Suppose I have a matrix m={{1,2,3},{3,-2,1/3}};
I want to find the positions of, for example, 2 largest elements in each row that is above 1/2.
So, in m, 2 and 3 are the ones in the first row and 3 is the one in the second row. Thus, the output should be their positions:
{{1,2},{1,3},{2,1}}
I tried to use Position[m, _?(# > 1/2 &)] but this will only find the position of elements that is above 1/2..
How can I do this?
Update: Shorter variations:
ClearAll[taken, takem, takek] taken[condition_, n_] := Apply[Join] @* MapIndexed[Thread[{#2[[1]], Select[Function[x, condition @ #[[x]]]] @ TakeLargest[# -> "Index", n]}] &] takem[condition_, m_] := Apply[Join] @* MapIndexed[Thread[{#2[[1]], Select[Function[x, condition @ #[[x]]]] @ Ordering[#, -m]}] &] takek[condition_, k_] := MapIndexed[Sequence @@ Thread[{#2[[1]], #}] &] @* Map[Cases[{a_ /; condition[a], b_} :> b] @ Nearest[# -> {"Element", "Index"}, Max @ #, k] &] Examples:
taken[GreaterEqualThan[1/2], 2] @ m {{1, 3}, {1, 2}, {2, 1}}
takem[GreaterEqualThan[1/2], 2] @ m {{1, 3}, {1, 2}, {2, 1}}
takek[GreaterEqualThan[1/2], 2] @ m {{1, 3}, {1, 2}, {2, 1}}
Original answer:
ClearAll[take] take[condition_, n_] := Apply[Join] @* MapIndexed[Thread[{#2[[1]], #}] &] @* Map[Map[#Index &] @ Select[condition @ #Element &] @ TakeLargest[# -> All, n]&] Examples:
take[GreaterEqualThan[1/2], 2] @ m {{1, 3}, {1, 2}, {2, 1}}
take[GreaterEqualThan[0], 2] @ m {{1, 3}, {1, 2}, {2, 1}, {2, 3}}
take[GreaterEqualThan[2], 3] @ {Range[5], Range[-3, 2], Reverse @ Range[4, 8]} {{1, 5}, {1, 4}, {1, 3}, {2, 6}, {3, 1}, {3, 2}, {3, 3}}
TakeLargest is the function you are looking for.
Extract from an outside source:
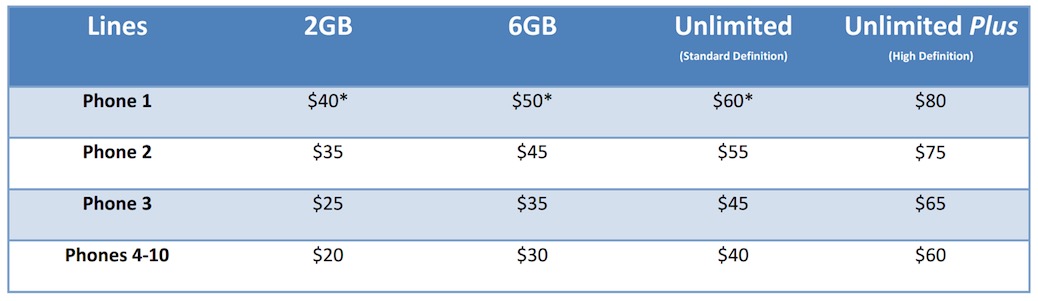To be precise, an entire new line-up of single line/non-shared plans will arrive in a couple of days under the title, Total Plans. There will be 2GB ($40) and 6GB ($50) options to go along with the Unlimited plan and its higher-definition friend, Unlimited Plus. You can see a pricing chart below, but the Unlimited Total Plan will start at $60 for a single line, with Auto Pay and paperless billing enabled. The Plus option starts at $80.

And then Select to get the numbers above 1/2:
m = {{1, 2, 3}, {3, -2, 1/3}}; t = TakeLargest[#, 2] & /@ m sel=Select[# > 1/2 &] /@ t (*{{3, 2}, {3}}*) And then finally the positions. We first determine the position inside sel and then prepend the row number:
pos = Flatten /@ MapThread[Function[{x, y}, Position[x, #] & /@ y], {m, sel}] MapIndexed[Function[{x, y}, {Sequence @@ y, #} & /@ x], pos] (* {{{1, 3}, {1, 2}}, {{2, 1}}} *) We can also use the new PositionLargest (since 13.2)
m = {{1, 2, 3}, {3, -2, 1/3}}; Get positions:
p = Flatten @ PositionLargest[#, Min[2, Count[#, u_ /; u > 0.5]]] & /@ m {{3, 2}, {1}}
Index them:
Flatten[#, 1] & @ MapIndexed[Thread[{#2[[1]], #1}] &] @ p {{1, 3}, {1, 2}, {2, 1}}